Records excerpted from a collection

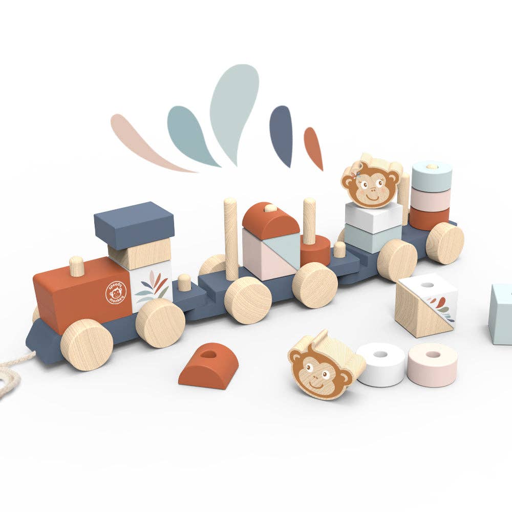 Description A fun wooden pull-along train stacker, painted in trending soft colors and featuring our favorite character, the monkey. Your little one will have hours of fun, stacking elements on the train and building houses with colorful blocks. Once everyone on board, choo choo off goes the train for a new adventure! This toy is crafted from sustainably sourced wood from FSC® certified forests. Presented in a beautiful gift box.
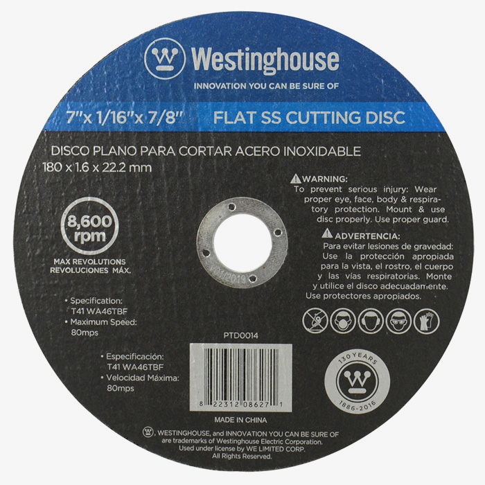DISCO PLANO PARA CORTAR ACERO INOX 7"X1/16"X7/8"
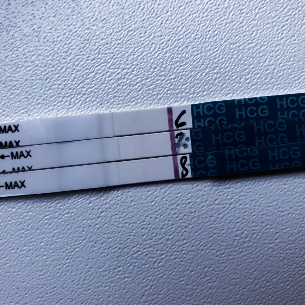 Лично я наблюдаю динамику по тестам. При прошлом пролёте на 6дп был призрак, на 7 дп - ярче. А вот на 8 ничего не поменялось, сразу побежала сдавать кровь, результат был 40. В последующие 2 дня тесты стали такие, как на 6дп и хгч упал на 16. В итоге - биохимическая.
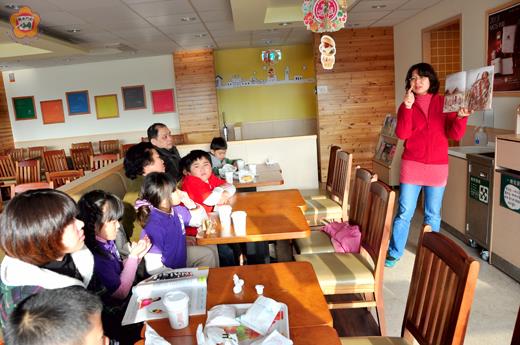 垵湖學生快樂學習,吃漢堡聽故事,快樂學知識。賢庵國小垵湖分校的「娥媽媽說故事」日昨在地區連鎖速食店摩斯漢堡內舉行,參加的學童快樂的吃著漢堡薯條,聽著動人故事,所有小朋友均表示,這樣的經驗很有趣,而且故事也聽得更生動有趣。 垵湖分校表示,學生稱「娥媽媽」的涂碧娥女士,對於該校貢獻良多。這學期更為了獎勵垵湖分校的學生,建立閱讀的習慣,培養世界觀。特地自掏腰包,只要孩子們閱讀十本書,並完成悅讀卡後,就發給一張摩斯漢堡早餐券,以獎勵其認真閱讀。 這場有趣的「娥媽媽說故事」,於日昨上午七時三十分至九時止,在摩斯漢堡二樓舉辦。在垵湖分校薛奕鳳及趙雅玉兩位老師的帶領下,該校一、二年級的小朋友,興奮的吃著漢堡聽著娥媽媽說「飛啊!老鷹!飛啊! 一個非洲的故事」。 薛奕鳳及趙雅玉表示,相當感謝涂碧娥的愛心,提供這樣特別的獎勵,激發孩子閱讀。她們說,悅讀卡的內容,須註明有書名、作者、書中的名言佳句、閱讀後相對某件人事物說的一句話,以及閱讀心得。因此要獲得早餐券,是相當不容易的,而藉由製作悅讀卡,就是希望提升孩子們想像的空間,並且學會與自己對話,增加自身的語文創作能力。 涂碧娥指出,孩子的潛能是無限的,提供早餐券就是給一個誘因,一方面是為了獎勵孩子們,培養閱讀興趣。加上早餐券並無數量上的限制,只要完成十張悅讀卡即可獲得一張,故而也是藉此讓孩子們了解「付出」的重要性,也讓他們知道父母親辛苦教養培育他們的辛勞。孩子們獲得兩張以上的早餐券,除了可以讓自己吃大餐外,多餘的餐券更可以送給父母,讓他們學習到並非長大才做,也讓他們以行動表達自己是有付出的能力。 學生許詠慈及許皓煒表示,他們分別完成四十張及二十張悅讀卡,多餘的早餐券也送給了爸媽。而能夠在摩斯吃早餐聽故事,讓他們聽得更入迷。 這場說故事活動,娥媽媽為孩子們說「飛啊!老鷹!飛啊!」,教導孩子要當翱翔天際的老鷹,不要被世人塑造的形象所束縛。
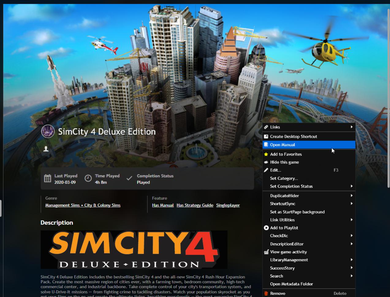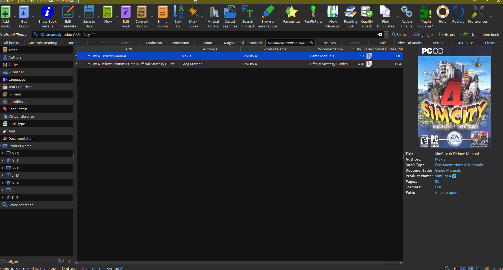 I do use the links a lot though. For example, I set up Playnite's 'show manual' menu entry. A show-book if there's only one, or search if there's multiple items. Clicking this one opens a search. If there's multiple items its most commonly a manual and strategy guide*: Then the 'Product Name' links jump back to the relevant game entries in the game launcher. (Well, except the first SimCity.) This is useful for jumping to my game docs, opening the one(s) I want, and then jumping back to the game launcher. *I hoard Prima Game Guides
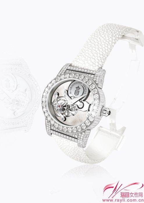 在今年的巴塞尔钟表珠宝展上,de GRISOGONO将带来镶满完美白钻的Tondo陀飞轮珠宝腕表,这也是这个来自瑞士的高级珠宝腕表品牌首次专为女性设计的一款拥有偏心陀飞轮的珠宝腕表。
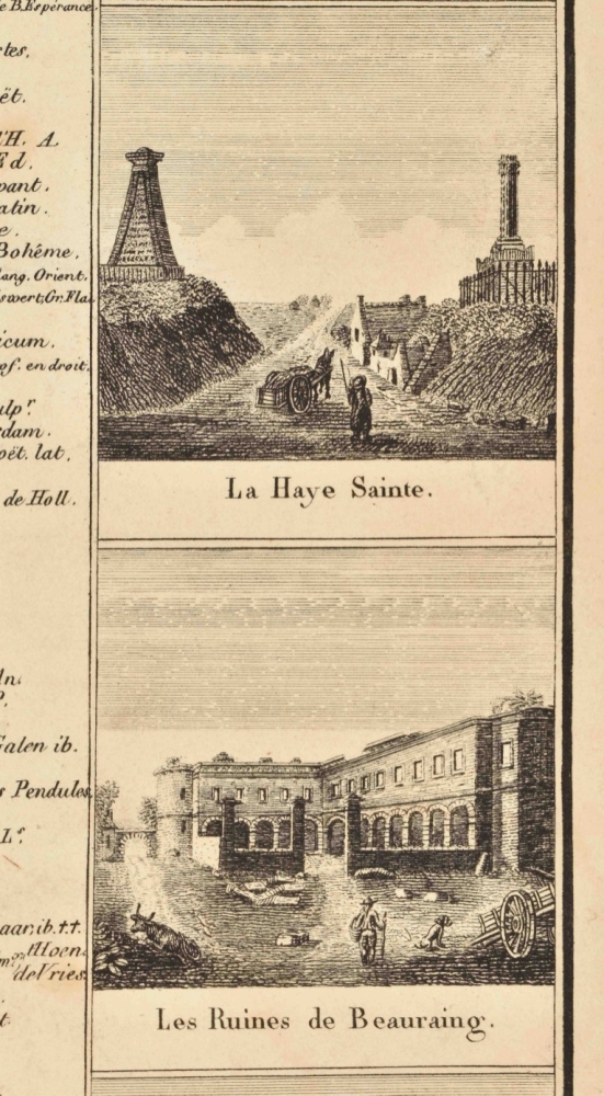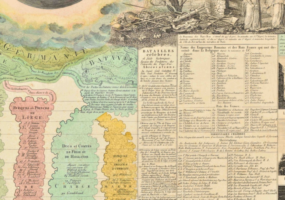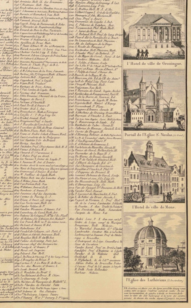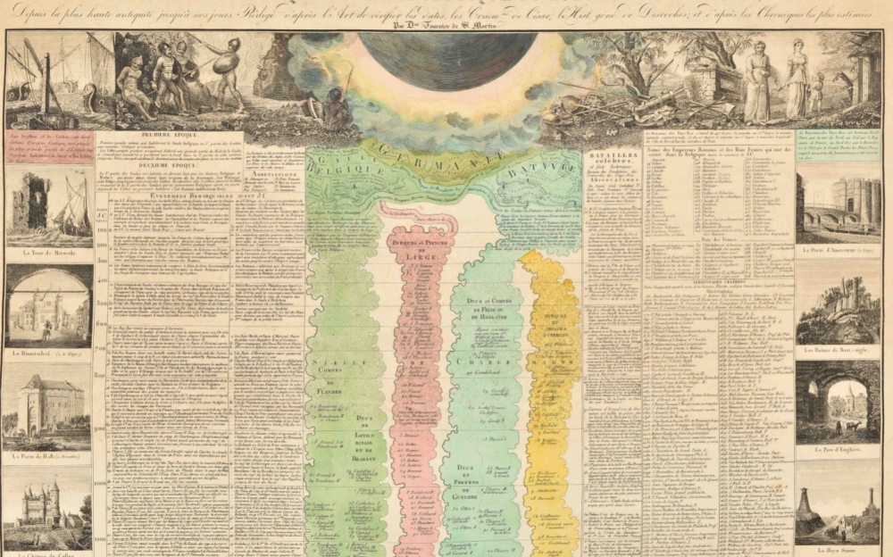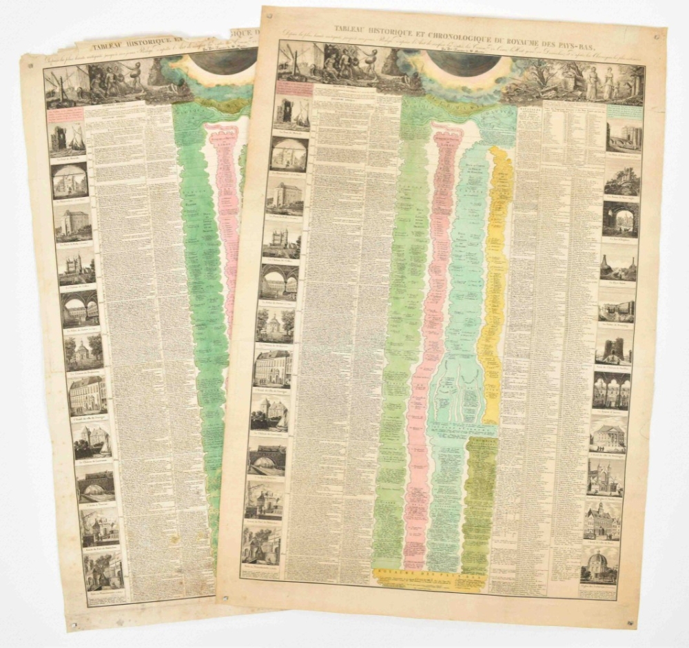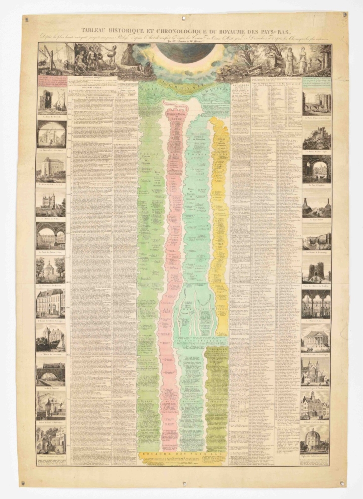 Depuis la plus haute antiquité justqu'a nos jours (...). Désiré Fournier de St. Martin. Bruxelles, [1825]. Composite engraved leaf (93 x 65 cm) with title, central timeline in colour with a list of events on both sides; various allegorical scenes below the title. On the left and right edges 22 charming views of the Binnenhof, Drakenstein, Nijmegen city hall, port of Rotterdam, bourse of Antwerp, Groningen city hall etc.

WHAT TO PRODUCE. Return all the data exactly, and keep the pictures out.

WRITTEN ANSWER.
 Description A fun wooden pull-along train stacker, painted in trending soft colors and featuring our favorite character, the monkey. Your little one will have hours of fun, stacking elements on the train and building houses with colorful blocks. Once everyone on board, choo choo off goes the train for a new adventure! This toy is crafted from sustainably sourced wood from FSC® certified forests. Presented in a beautiful gift box.
DISCO PLANO PARA CORTAR ACERO INOX 7"X1/16"X7/8"
 Лично я наблюдаю динамику по тестам. При прошлом пролёте на 6дп был призрак, на 7 дп - ярче. А вот на 8 ничего не поменялось, сразу побежала сдавать кровь, результат был 40. В последующие 2 дня тесты стали такие, как на 6дп и хгч упал на 16. В итоге - биохимическая.
 垵湖學生快樂學習,吃漢堡聽故事,快樂學知識。賢庵國小垵湖分校的「娥媽媽說故事」日昨在地區連鎖速食店摩斯漢堡內舉行,參加的學童快樂的吃著漢堡薯條,聽著動人故事,所有小朋友均表示,這樣的經驗很有趣,而且故事也聽得更生動有趣。 垵湖分校表示,學生稱「娥媽媽」的涂碧娥女士,對於該校貢獻良多。這學期更為了獎勵垵湖分校的學生,建立閱讀的習慣,培養世界觀。特地自掏腰包,只要孩子們閱讀十本書,並完成悅讀卡後,就發給一張摩斯漢堡早餐券,以獎勵其認真閱讀。 這場有趣的「娥媽媽說故事」,於日昨上午七時三十分至九時止,在摩斯漢堡二樓舉辦。在垵湖分校薛奕鳳及趙雅玉兩位老師的帶領下,該校一、二年級的小朋友,興奮的吃著漢堡聽著娥媽媽說「飛啊!老鷹!飛啊! 一個非洲的故事」。 薛奕鳳及趙雅玉表示,相當感謝涂碧娥的愛心,提供這樣特別的獎勵,激發孩子閱讀。她們說,悅讀卡的內容,須註明有書名、作者、書中的名言佳句、閱讀後相對某件人事物說的一句話,以及閱讀心得。因此要獲得早餐券,是相當不容易的,而藉由製作悅讀卡,就是希望提升孩子們想像的空間,並且學會與自己對話,增加自身的語文創作能力。 涂碧娥指出,孩子的潛能是無限的,提供早餐券就是給一個誘因,一方面是為了獎勵孩子們,培養閱讀興趣。加上早餐券並無數量上的限制,只要完成十張悅讀卡即可獲得一張,故而也是藉此讓孩子們了解「付出」的重要性,也讓他們知道父母親辛苦教養培育他們的辛勞。孩子們獲得兩張以上的早餐券,除了可以讓自己吃大餐外,多餘的餐券更可以送給父母,讓他們學習到並非長大才做,也讓他們以行動表達自己是有付出的能力。 學生許詠慈及許皓煒表示,他們分別完成四十張及二十張悅讀卡,多餘的早餐券也送給了爸媽。而能夠在摩斯吃早餐聽故事,讓他們聽得更入迷。 這場說故事活動,娥媽媽為孩子們說「飛啊!老鷹!飛啊!」,教導孩子要當翱翔天際的老鷹,不要被世人塑造的形象所束縛。
 I do use the links a lot though. For example, I set up Playnite's 'show manual' menu entry. A show-book if there's only one, or search if there's multiple items. Clicking this one opens a search. If there's multiple items its most commonly a manual and strategy guide*: Then the 'Product Name' links jump back to the relevant game entries in the game launcher. (Well, except the first SimCity.) This is useful for jumping to my game docs, opening the one(s) I want, and then jumping back to the game launcher. *I hoard Prima Game Guides
 在今年的巴塞尔钟表珠宝展上,de GRISOGONO将带来镶满完美白钻的Tondo陀飞轮珠宝腕表,这也是这个来自瑞士的高级珠宝腕表品牌首次专为女性设计的一款拥有偏心陀飞轮的珠宝腕表。
 Depuis la plus haute antiquité justqu'a nos jours (...). Désiré Fournier de St. Martin. Bruxelles, [1825]. Composite engraved leaf (93 x 65 cm) with title, central timeline in colour with a list of events on both sides; various allegorical scenes below the title. On the left and right edges 22 charming views of the Binnenhof, Drakenstein, Nijmegen city hall, port of Rotterdam, bourse of Antwerp, Groningen city hall etc.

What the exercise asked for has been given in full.